Four years after Egypt's uprising, prison ranks swell: A writer's story

Novelist and poet Omar Hazek is just one of 41,000 people arrested since a July 2013 coup in Egypt.

Ahmed Omar/AP
A man being detained in Nov. 2013 in Cairo, at a protest against the previous detention of activists under Egypt's anti-protest law.

In his early prison months, Omar Hazek worked only by night, snatching time with his notebook when guards fired up the strip lights outside. The young writer could wait hours for that moment, his cellmates sleeping all the while.

"He always said he couldn't live without writing - he had to find a way," says Mr. Hazek's sister, Zahraa. Now living inside an Alexandria prison, 36-year old Hazek is one of thousands of Egyptians detained under a searing crackdown against dissent.

Hazek was arrested during a protest in December 2013, a few days after Egypt’s government outlawed public gatherings without official permission. A talented poet, the young man had been due to discuss final details of his first novel with printers that evening.

Instead, he spent the night in a police station. He would later be sentenced to two years in prison, charged with attacking an officer and possessing a weapon, accusations his family dismiss as absurd. “How could a gentle poet beat a policeman,” Zahraa asks. “He would never hurt anybody - this is a man who once won prizes for his romantic verse.”

A 2012 video shows Hazek captivating a panel of judges with his soft delivery of one of his poems. Hazek stays busy in prison. As well as working on two novels, he has been documenting his time inside through a series of open letters.

“Prison — it is the highest price I have paid,” wrote Hazek in May.

Almost four years after millions of Egyptians gathered in public squares to demand the downfall of president Hosni Mubarak, a reconfigured version of his regime is back in force. Under strongman president Abdel Fattah al-Sisi, those same public squares are off-limits to demonstrators.

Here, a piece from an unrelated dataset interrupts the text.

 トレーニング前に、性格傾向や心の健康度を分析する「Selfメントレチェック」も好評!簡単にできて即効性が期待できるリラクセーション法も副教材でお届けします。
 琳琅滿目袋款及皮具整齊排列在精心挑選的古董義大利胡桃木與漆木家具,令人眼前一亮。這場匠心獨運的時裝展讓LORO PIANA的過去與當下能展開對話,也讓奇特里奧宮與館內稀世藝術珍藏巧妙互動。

The Egyptian media moves largely in lockstep with the authorities, proclaiming the crackdown as a war against terrorism.

Charges of fabricated charges

Rights groups say they have documented thousands of cases like Hazek’s, in which individuals in the vicinity of demonstrations have faced seemingly fabricated charges. “Egyptian prosecutors have used the same laundry list of charges, like “inciting violence” or “harming national security" to justify perpetually renewed pretrial detention orders of tens of thousands of protesters or alleged supporters of the Muslim Brotherhood,” says Sarah Leah Whitson, director of Human Rights Watch’s Middle East and North Africa division.

Over 41,000 people are believed to have been arrested since July 3, 2013, the day Morsi was ousted. Detainees are generally held inside police stations, riot police barracks, and formal prisons. Hundreds more have been held inside a military-run black-site in the eastern city of Ismailia.

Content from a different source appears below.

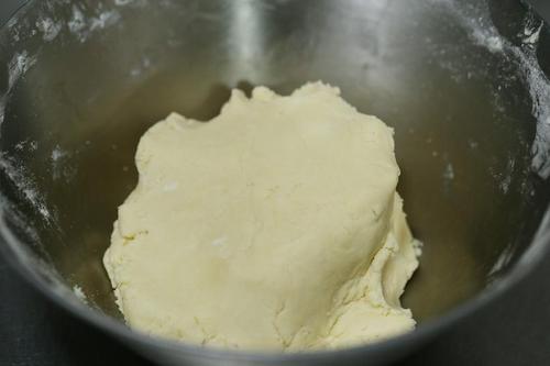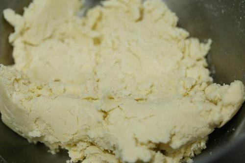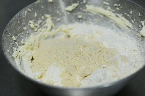 步骤3、加入过筛的面粉还有杏仁粉用刮刀拌匀成一个粗糙的面团;

As Egypt’s prison service has struggled to keep up with the volume of arrests, reports from custody suggest conditions are growing dire. Inside detention facilities, torture is commonplace and is now accompanied by extraordinary overcrowding and routine denial of medical care. Hazek’s poignant letters reveal his struggle to reconcile his former life with the one he now leads.

When his lawyer brought him a copy of his first novel, submitted on the day of his arrest, Hazek was at a loss. He hid the book. “I don’t know why I did that — perhaps I wanted to hold onto a private moment, to keep it personal, as in a fully packed cell nothing is ever personal,” he wrote.“Then I showed the novel to my dearest friend, and he hugged me, and that’s when others in the cell knew that something happy had happened to me, so I showed the novel to everyone.”

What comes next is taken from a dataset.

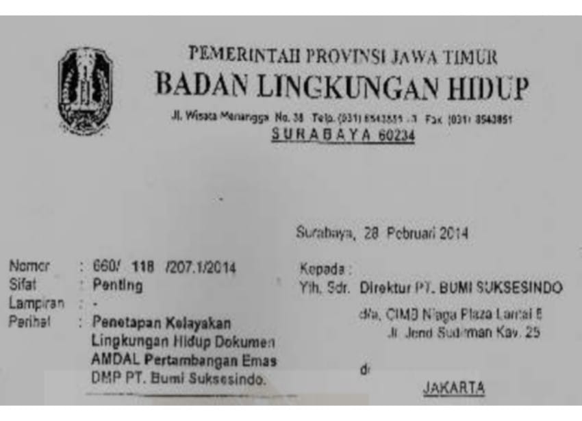 660/118/207.1/2014 Prihal Penetapan Kelayakan Lingkungan Hidup pertambangan emas DMP Bumi Suksesindo, tanggal 28 Februari 2014 yang ditandatangani Indra Wiragana, SH. selaku Kepala Badan Lingkungan Hidup Provinsi Jawa Timur, disebutkan pada huruf 3 sebagai berikut:

Hazek and his fellow detainees say their family visits fly past all too quickly, especially as many relatives travel hours to the prison, laden with food to supplement the inmates meager rations.

Former inmates say they were often painfully aware that their relatives were not giving them the whole story of life outside the prison walls. In a letter, dated April 9, Hazek described the pain of knowing that a fellow detainee was being kept in the dark over his father's failing health. "I learned from my mother that [his] family transferred the father from a private hospital to a public one, after they ran out of money. Now, I cannot sleep," Hazek wrote.

The poet’s own father, Abdel Aziz, is finding the separation hard. “Omar was such a big presence in this house - now it’s just quiet,” he says, sitting in their downtown Alexandria home. “But prison has changed him - he’s not a romantic anymore, he’s a realist.”

But with a year left to serve inside prison walls, Hazek’s spirited letters give his family reason to hope. In a recent note, he wrote of his dreams of freedom, and to have one poem re-published. “If I die, do not bury me here,” it read. “Bring me the sky.”

With additional reporting from Mohamed Ezz.